«Орел» в походе и в бою. Воспоминания и донесения участников Русско-японской войны на море в 1904–1905 годах - Коллектив авторов

«Орел» в походе и в бою. Воспоминания и донесения участников Русско-японской войны на море в 1904–1905 годах читать книгу онлайн
В сборнике документов публикуются рапорты, записки, дневники, личные письма и воспоминания офицеров и нижних чинов эскадренного броненосца «Орел», участвовавших в походе в составе 2-й Тихоокеанской эскадры на Дальний Восток и в Цусимском сражении в мае 1905 года. Для широкого круга читателей, интересующихся историей Российского флота.
Ночь прошла спокойно, и к пяти часам утра мы возвращались уже обратно. Было совсем светло, когда мы подошли к трапу. На трапе стоял старший офицер, который приказал всем нам идти к командиру. Но командир сам уже ждал нас на шканцах. Тут нас ожидал сюрприз, который никак нельзя было предвидеть. Прочитав краткую, но громоносную речь на тему о военном положении вообще, а нашем в частности, сей почтенный муж объявил Бирсу строгий выговор за то, что тот не был готов немедленно съехать с «Орла», затем, обратившись к Македонтов[ич]у сказал, что он его также не хвалит, а мне объявил, что я арестовываюсь за неисполнение приказания, ибо я должен был отваливать от госпитального судна сейчас же, как начнут спускать флаг. Хотя я получил только одно приказание привезти Гирса, а относительно спуска флага не было даже и намека, однако я промолчал и, приложив руку к козырьку, сказал: «Есть», уж больно мне улыбалась перспектива отдохнуть, хотя бы и под арестом. Получив разрешение идти я немедленно отнес саблю в каюту старшего офицера и, бросившись в койку, проспал до 6 часов вечера с перерывом для обеда. Давно уже я не отдыхал так сладко. Теперь, в ночь под Рождество, сиречь в сочельник, сижу у себя в каюте, пишу дневник, пью чай, словом чувствую себя вполне по-праздничному и не только не чувствую никакой тяжести этого ареста, но даже возбуждаю всеобщую зависть.
В это время, когда я спал, мы снялись с якоря, и я проснулся уже в океане. С нами идет «Светлана» и миноносцы «Бедовый» и «Бодрый», которых мы встретили уже по выходе нашем из залива.

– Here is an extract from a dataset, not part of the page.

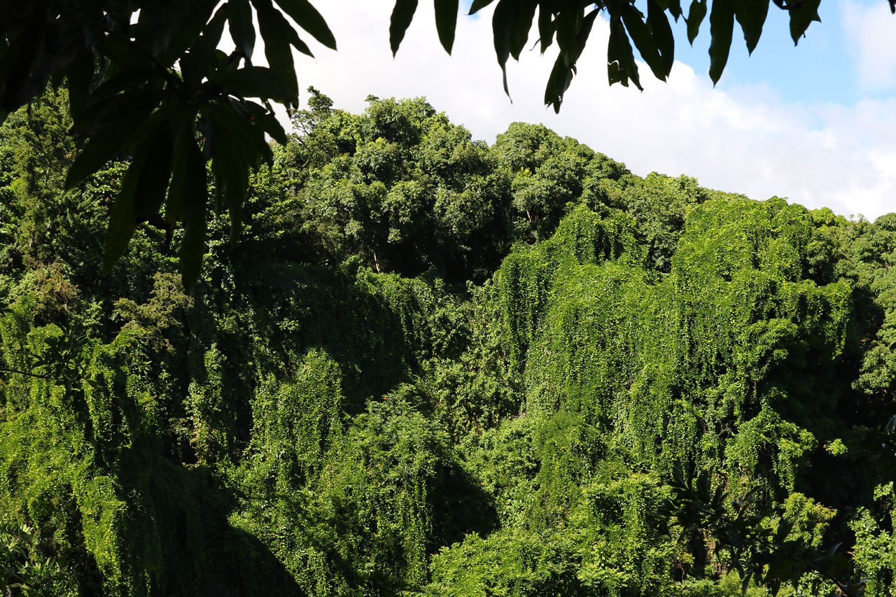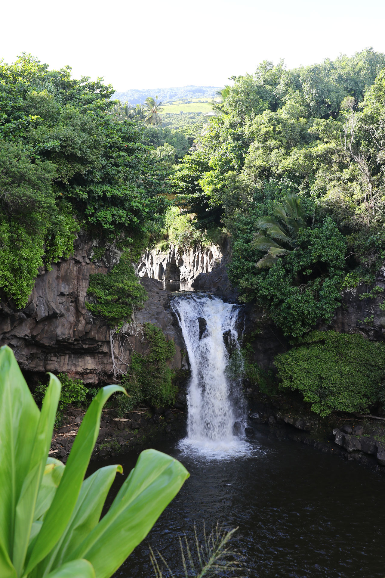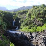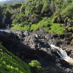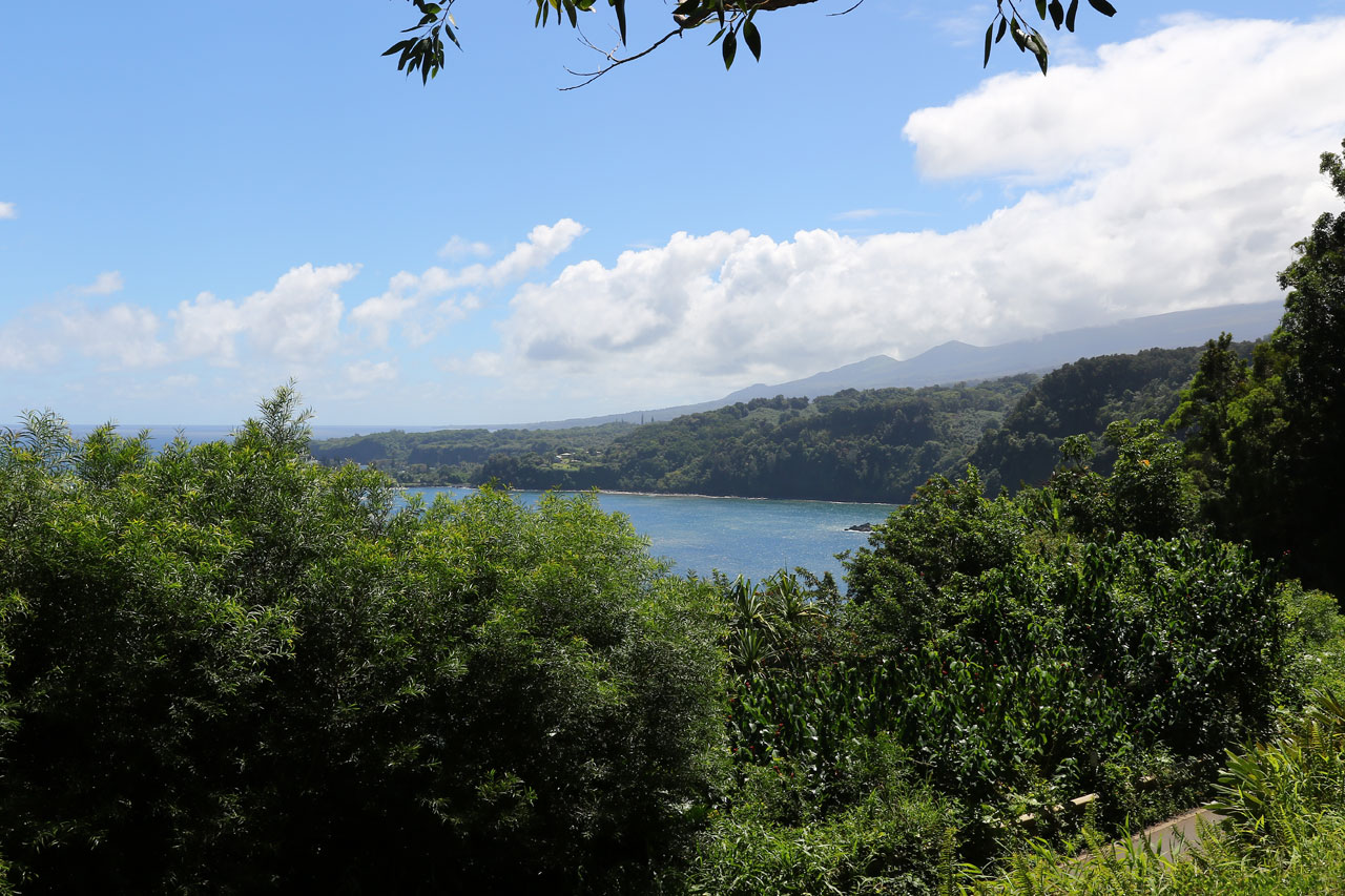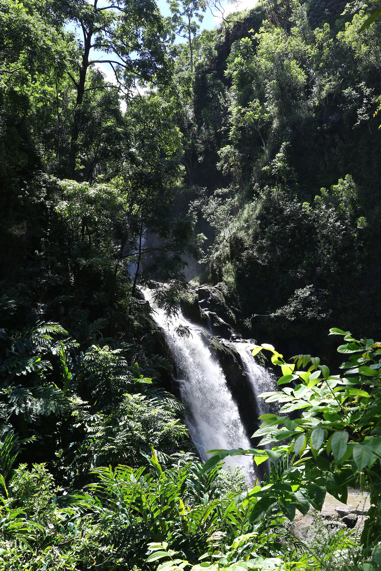 Car la route pour Hana fait parti de ces rubans de bitumes mondialement connus pour une raison ou une autre. Ici il y a environ 620 raisons allant à droite ou à gauche + 46 ponts à voie unique, tout ça serpentant à flan de falaise dans une véritable jungle. Ha oui c’est superbe mais que c’est chiant de conduire là-dedans. On va tout doucement, ça monte, ça descend, on enchaîne les virages aveugles, on doit gérer des touristes inconscients qui marchent le long de la route ou qui manoeuvrent comme des idiots – mention spéciale aux chinois dans un cas comme dans l’autre. Ca plus les locaux qui roulent comme des dingues, les travaux et les camions… Bref on met 4 heures pour faire 84 petits kilomètres. D’autant que nous avons stoppé à différents endroits pour profiter un peu de la vue.

25 Декабря. Индейский океан
Часов в 9 утра вошел ко мне Арамис и выразил удивление, увидев меня в койке, т. е. не исполняющим служебные обязанности, так как должен был стоять на вахте. На мое замечание, что я сижу под арестом, он возразил, что я и не думаю быть арестованным. Все это было сказано тоном грубее обыкновенного, ибо вообще-то тон Арамиса редко принимает интонацию, необходимую для простой хотя бы вежливости. Причину сегодняшней экстраординарной грубости я скоро узнал: оказалось, что когда утром сегодня командир узнал о том, что я вчера просидел под арестом, то вставил Арамису фитиль за то, что тот допустил это без приказа, а приказа не последовало от того, что он, командир, не сажал меня под арест, а слова его «я вас арестую» были лишь предупреждением на следующий раз.
Я конечно, как только Арамис вышел, оделся и вступил на вахту. Тем дело и кончилось. Днем был салют по случаю дня рождения Алексея Александровича[90]. За обедом комиссия превзошла сама себя: о консервах не было ни слуху, ни духу. К моему удивлению за столом не было драки. Даже Шупинский скромничал. По крайней мере, когда я спустился в 1/2 1-го с вахты, увидел его вполне трезвым. Такому трезвенному настроению способствовала сильно жара, которая сегодня прямо-таки невыносимая. Кроме того, обостряющиеся все более и более отношения между кают-компанией и старшим офицером как-то скверно действуют на общее настроение, и сегодняшний день прошел далеко не так оживленно, как это можно было бы предположить. Все рано разошлись спать.
26 Декабря. Там же
Все идем. Вечером пришли на траверз бухты Nossi-Bé, и даже видели долгое время прожектор сторожевого миноносца из отряда Фелькерзама. Адмирал не решился в темноте входить в бухту и становиться между массою судов на якорь по диспозиции, и поэтому пока мы будем идти малым ходом дальше и ночью повернем обратно с расчетом войти в Nossi-Bé утром.
27 Декабря. Nosi-Bé (так в рукописи. – К.Н.)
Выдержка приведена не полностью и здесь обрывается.